May also be related to the “PFEH / Platform first error handling” problematic that you mentioned: ASRock Rack has created the first AM4 socket server boards, X470D4U, X470D4U2-2T - #1201 by Mastakilla

Since this board does not have IPMI, nor a PFEH setting that I know of - is there any way to check the content of the Machine Check registers to determine reboot cause?

1 Like

MC registers are the very thing that is used to relay ECC errors to the OS.
this OS can be linux, windows, memtests, etc.

After UEFI finished the handover memtest should have been in control what happens afer ECC errors are detected.
For example multi-bit errors on linux don’t mean instant restart. Panic/reboot only happens when the address in question is in the kernel memory range. If it’s in the user memory then that process is simply killed and OC continues to function.
In case of memtest those MC registers are interpretted and printed as your typical messages about detected errors.

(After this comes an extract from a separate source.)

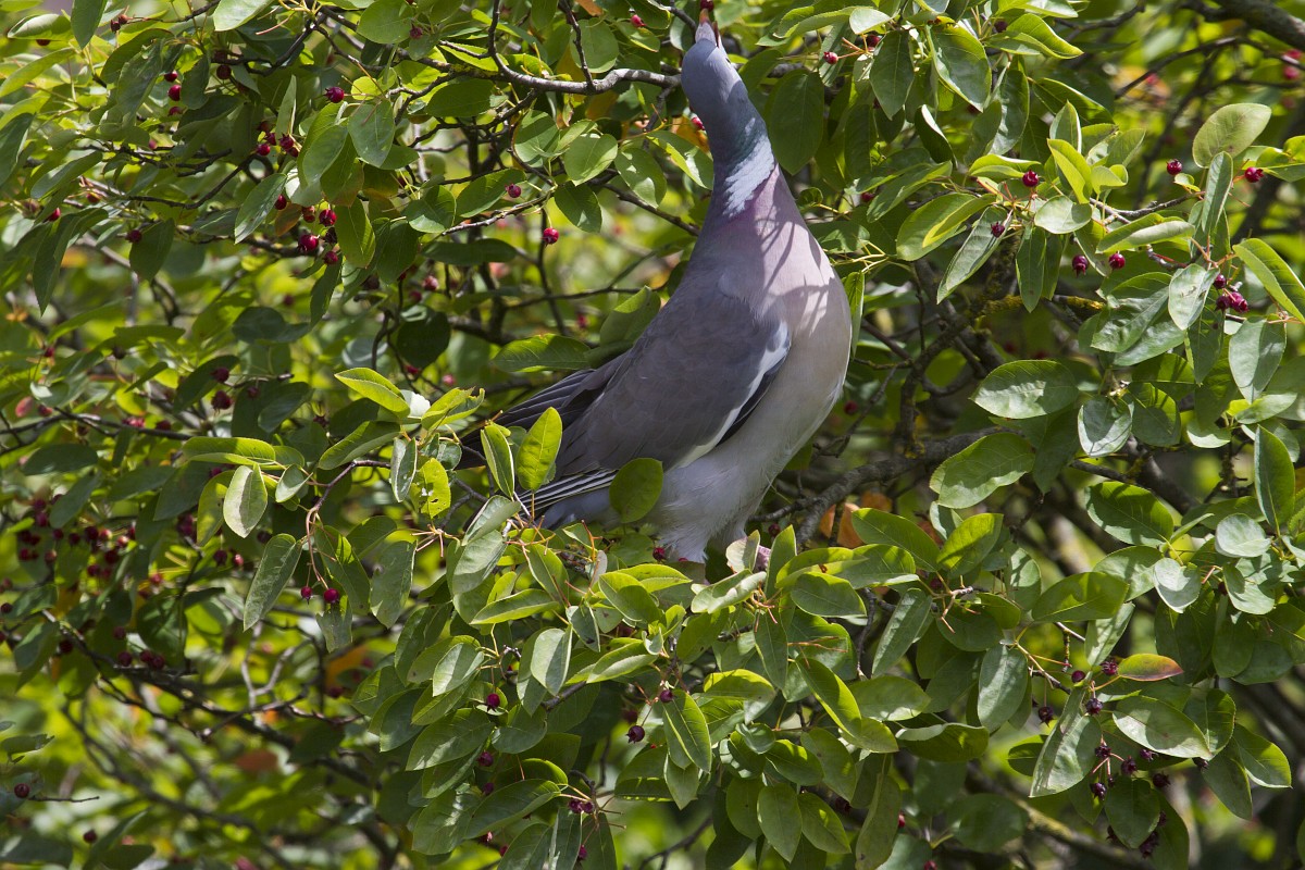 Columba palumbus 33, Houtduif, Saxifraga-Rudmer Zwerver.jpg Wood pigeon feeding on berries Wood pigeon (Columba palumbus) feeding on berries. Many resident birds forage on berry trees to survive winter.

I think that what you are describing with restarts after few seconds of memtest can mean 2 things:

  • PFEH - in that case the decision to reboot is done before the errors has a chance to be seen by the os (memtest)
  • UCE you mentioned (extreme instability causing memory controller to give up when hit with a load)

Edit:

In theory something msr-tools could probably be used - you can read the correspondig MSR registers.
Register guide for 17h ryzens: Developer Guides, Manuals & ISA Documents - AMD)
and BKDG for the 15h family (2.13.1.6 Handling Machine Check Exceptions)

But that is assuming that the register was not cleared. And that is a longshot. If I remember correctly this is configurable and can be a part of PFEH.

Edit2:
Relevant exerpts from the BKDG:

Uncorrectable errors detected by this mechanism will set both UECC=1 and CECC=1 in
MSR0000_0411.

• Determine type of startup using D18F0x6C[ColdRstDet]:
• If this is a cold reset then BIOS must clear MSR0000_0411 [NB Machine Check Status
(MC4_STATUS)].
• If this is a warm reset then BIOS may check for valid MCA errors and if present save the status for later
use. See 2.13.1.6 [Handling Machine Check Exceptions].

note the “may”

1 Like

Wow, that is a 1000page document plus referenced documents. But a crash/panic is not a cold reset. It should be a warm reset so not cleared. It says if it’s not a cold reset then it may save the error register to a log. But after it may save the error to log is it implied that the register is cleared before it boots the OS?
In other words: assuming that the reboot is done before the errors has a chance to be seen by the Memtest86 and that the UEFI does not clear the register immediately at reboot: Can I read that MSR register from user process in Windows/Linux after the reboot? (msr-tools that you mentioned: Reading CPU model specific registers on linux - Super User ) Or is it already too late when Linux/Windows has booted? I could also compile a freestanding C program that reads the register and boot my program off a USB drive without OS Bare Bones - OSDev Wiki after a memtest panic.

Any ideas?

Please note that public BKDG documents are only available for 15h family (Bulldozer / Piledriver / Steamroller / Excavator).
BKDG for Zen seems conspicuously absent. (even though few years passed). AFAIK drafts are distributed under an NDA but I wouldn’t expect much to change when it comes to the MSR registers between 15h and 17h.
Just keep this in mind and don’t take that document for gospel.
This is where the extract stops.